NUMBER OF TREES: 200
LEARNING RATE: 0.1
R2 SCORE: 0.8415882755640507
-------------
NUMBER OF TREES: 300
LEARNING RATE: 0.1
R2 SCORE: 0.8458571678986928
-------------
NUMBER OF TREES: 400
LEARNING RATE: 0.1
R2 SCORE: 0.8418319639583227
-------------
NUMBER OF TREES: 200
LEARNING RATE: 0.05
R2 SCORE: 0.8388174987972418
-------------
NUMBER OF TREES: 300
LEARNING RATE: 0.05
R2 SCORE: 0.8440505516146202
-------------
NUMBER OF TREES: 400
LEARNING RATE: 0.05
R2 SCORE: 0.8466799096416513
-------------
NUMBER OF TREES: 200
LEARNING RATE: 0.001
R2 SCORE: 0.22127185476994615
-------------
NUMBER OF TREES: 300
LEARNING RATE: 0.001
R2 SCORE: 0.3033607401727726
-------------
NUMBER OF TREES: 400
LEARNING RATE: 0.001
R2 SCORE: 0.3734921617612692
-------------


We see that the best R2 score is `0.846` given by:
- `max_iter=400`
- `learning_rate=0.05`

So we should set it as our new best-performing model.
<br>
<br>
Please note, we've experimented only with 2 hyperparameters in this workflow, but in reality - you should experiment with as many hyperparameters combinations as possible!

## Model Saving
Great! So we found our best performing model, which is almost 25 points better than the baseline! Next, we will need to save this model to our system, so we never have to train it again.
<br>
<br>
For this we will use a library named `joblib`:

In [39]:
import joblib

model = HistGradientBoostingRegressor(
    max_iter=400, # best max iter
    learning_rate=0.05 # best learning rate
)
model.fit(x_train, y_train)

# save model
joblib.dump(model, "my_model.joblib")

['my_model.joblib']

### Ensure Model is Properly Saved
To make sure our model was properly saved, we will load (also with joblib) it and compare it to the existing model.

In [40]:
# evaluate existing model
y_pred = model.predict(x_test)
r2 = r2_score(y_test, y_pred)
print("existing model score:", r2)

# load saved model
saved_model = joblib.load("my_model.joblib")
# evaluate saved model
y_pred = saved_model.predict(x_test)
r2 = r2_score(y_test, y_pred)
print("saved model score:", r2)

existing model score: 0.8409061745888814
saved model score: 0.8409061745888814


If the scores of both models are a perfect match to the smallest of decimal points, as above, our model was successfully saved!
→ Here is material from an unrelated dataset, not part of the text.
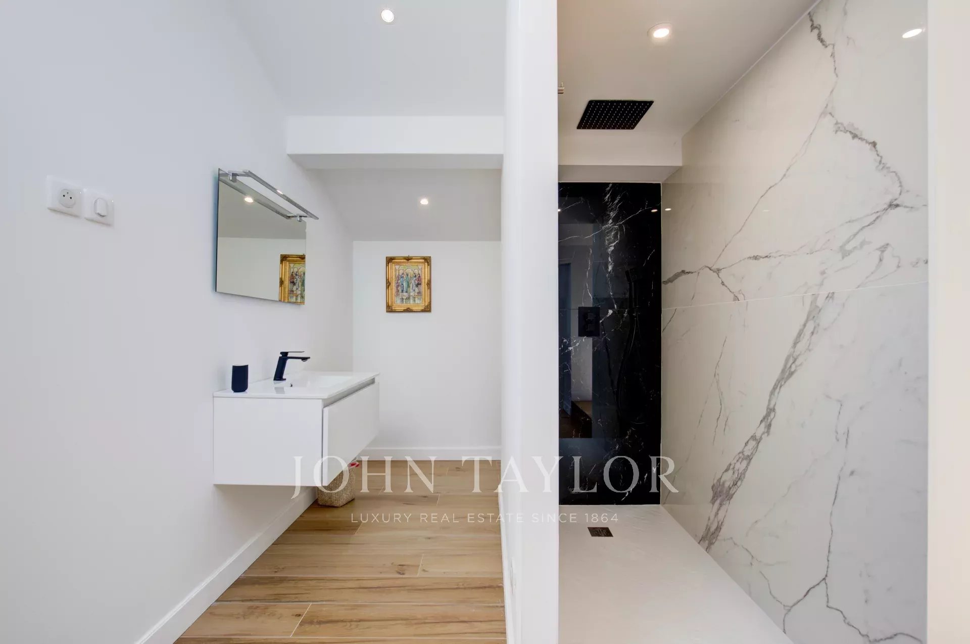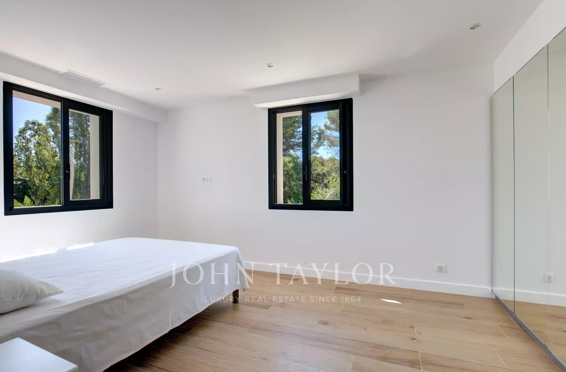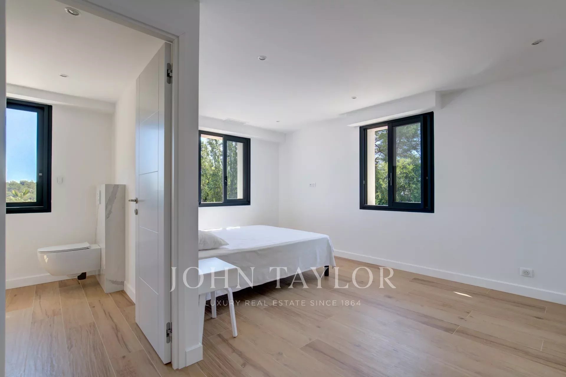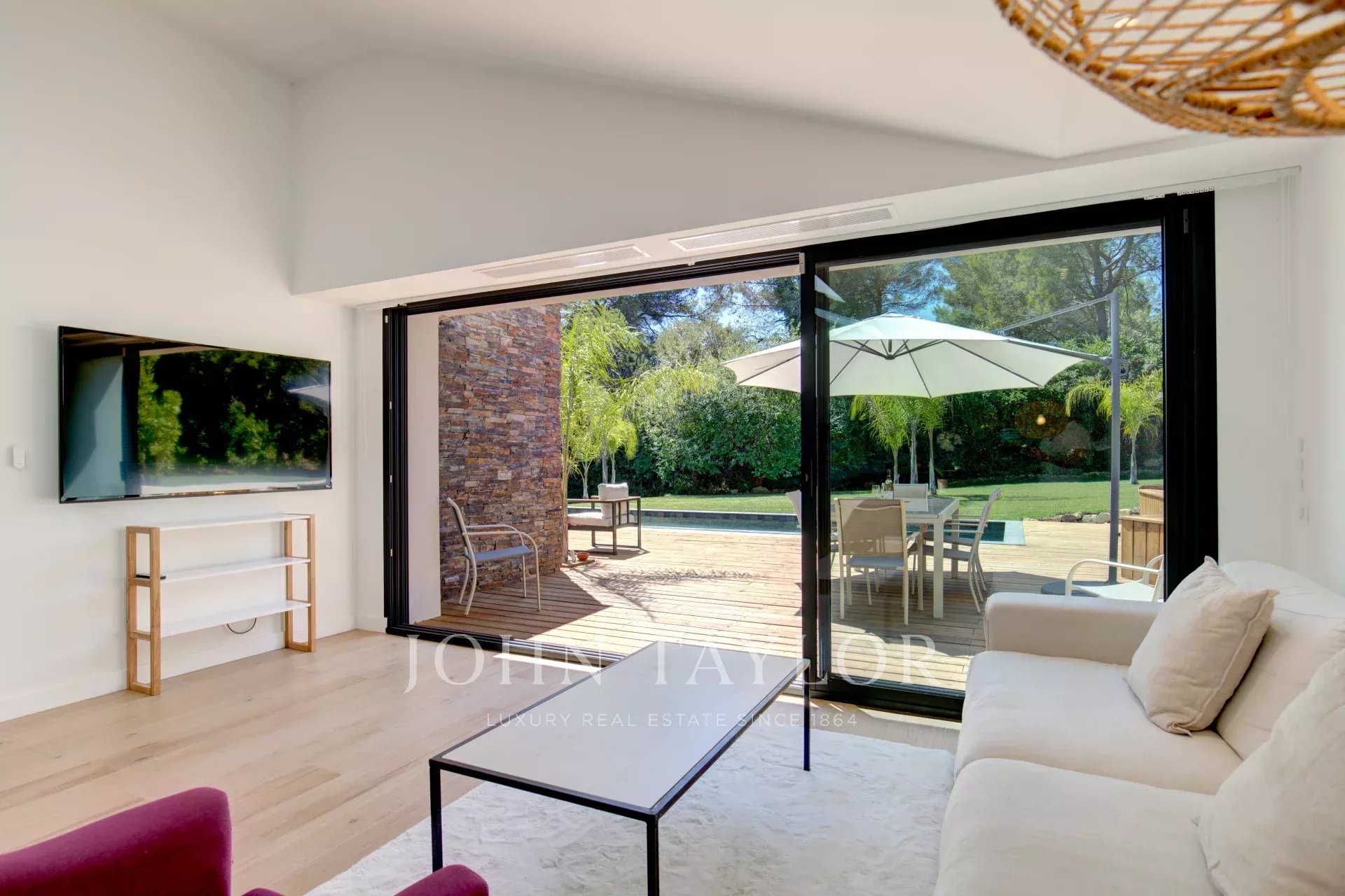 Снаружи есть охраняемый бассейн с подогревом, зонтики, площадка для игры в петанк, обеденная зона с барбекю и зона, оборудованная садовой мебелью. Парковка на 3 машины с электроприводом и гараж на 1 машину.

## Further Development Ideas
- try optimizing more than 2 hyperparameters, reaching scores above 86%
- instead of simply printing the R2 scores, try visualising them with Pandas or Matplotlib
- Find even better algorithms that outperform `HistGradientBoostingRegressor`
- Find a different dataset and analyze it like we've analyzed this one.